And this line then reproduces the error:

>>> wm_ni.X[:, wm_ni.var['mito'].values].sum(axis=1)
matrix([[34.],
        [40.],
        [42.],
        ...,
        [24.],
        [54.],
        [25.]], dtype=float32)
>>> wmi.X[:, wmi.var['mito'].values].sum(axis=1)
Traceback (most recent call last):
  File "<stdin>", line 1, in <module>
  File "/usr/local/lib/python3.9/site-packages/scipy/sparse/_index.py", line 47, in __getitem__
    row, col = self._validate_indices(key)
  File "/usr/local/lib/python3.9/site-packages/scipy/sparse/_index.py", line 168, in _validate_indices
    col = self._asindices(col, N)
  File "/usr/local/lib/python3.9/site-packages/scipy/sparse/_index.py", line 190, in _asindices
    if max_indx >= length:
TypeError: '>=' not supported between instances of 'str' and 'int'
>>> wmi.var['mito'].dtypes
CategoricalDtype(categories=['False', 'True'], ordered=False)
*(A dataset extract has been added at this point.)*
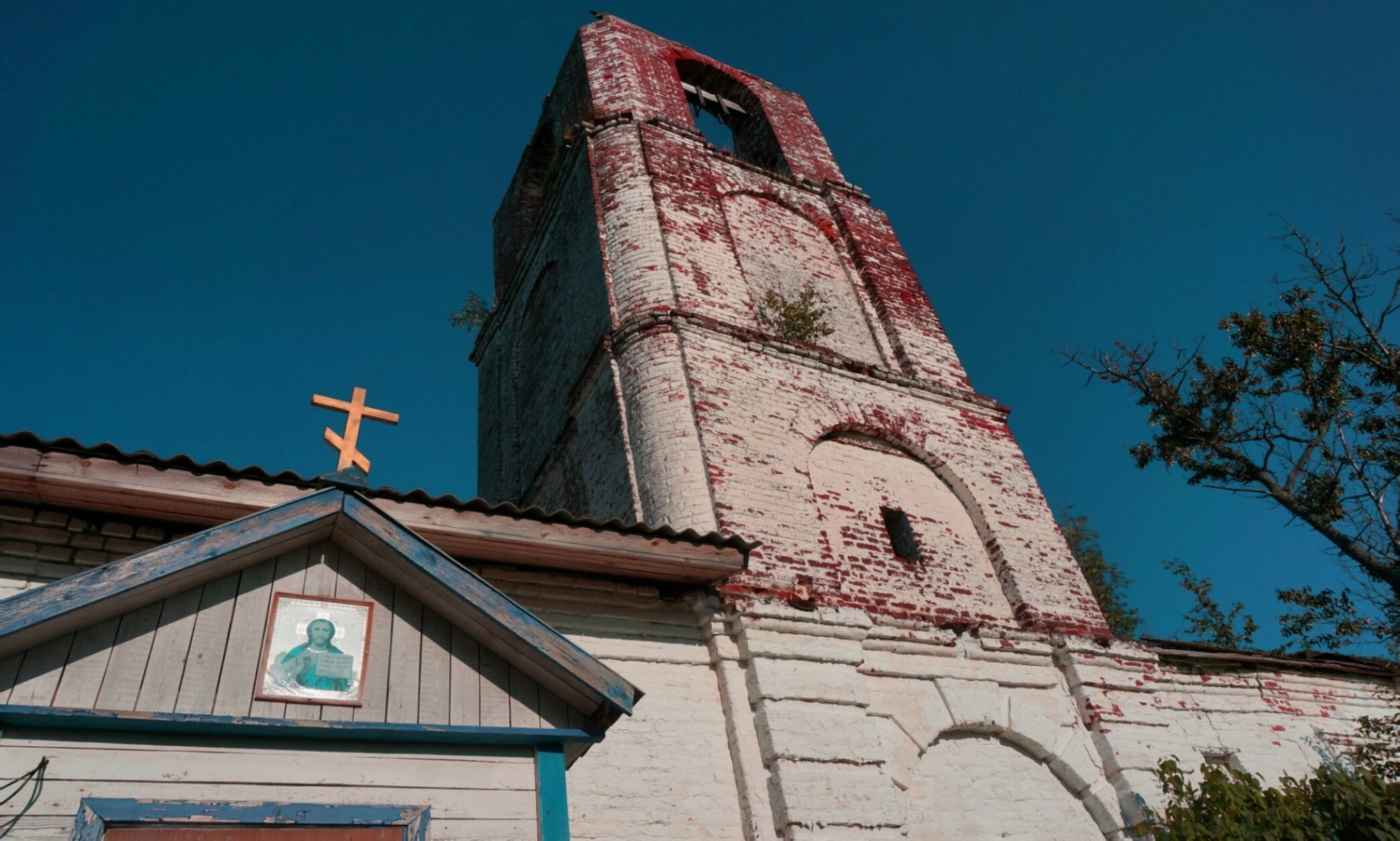 На заднем плане фотографии видно яркое синее небо без облаков, а с правой стороны — крона дерева, обрамляющая архитектурный ансамбль. Общий вид храма передаёт атмосферу духовного наследия, требующего сохранения и восстановления для будущих поколений.

Now, the question is why we might be explicitly setting that var column to categorical. At least I can say that moving to using bool there doesn't seem to break the SCXA main workflow downstream.

pcm32 commented 1 year ago

The change was introduced at https://github.com/ebi-gene-expression-group/scanpy-scripts/pull/70/files#diff-d4f03c482ed8ddbd6f6e9754d2e42001963362aa3958ee56918f9210747ef2f4R39 to allow negative filtering searches as attempted in #69 .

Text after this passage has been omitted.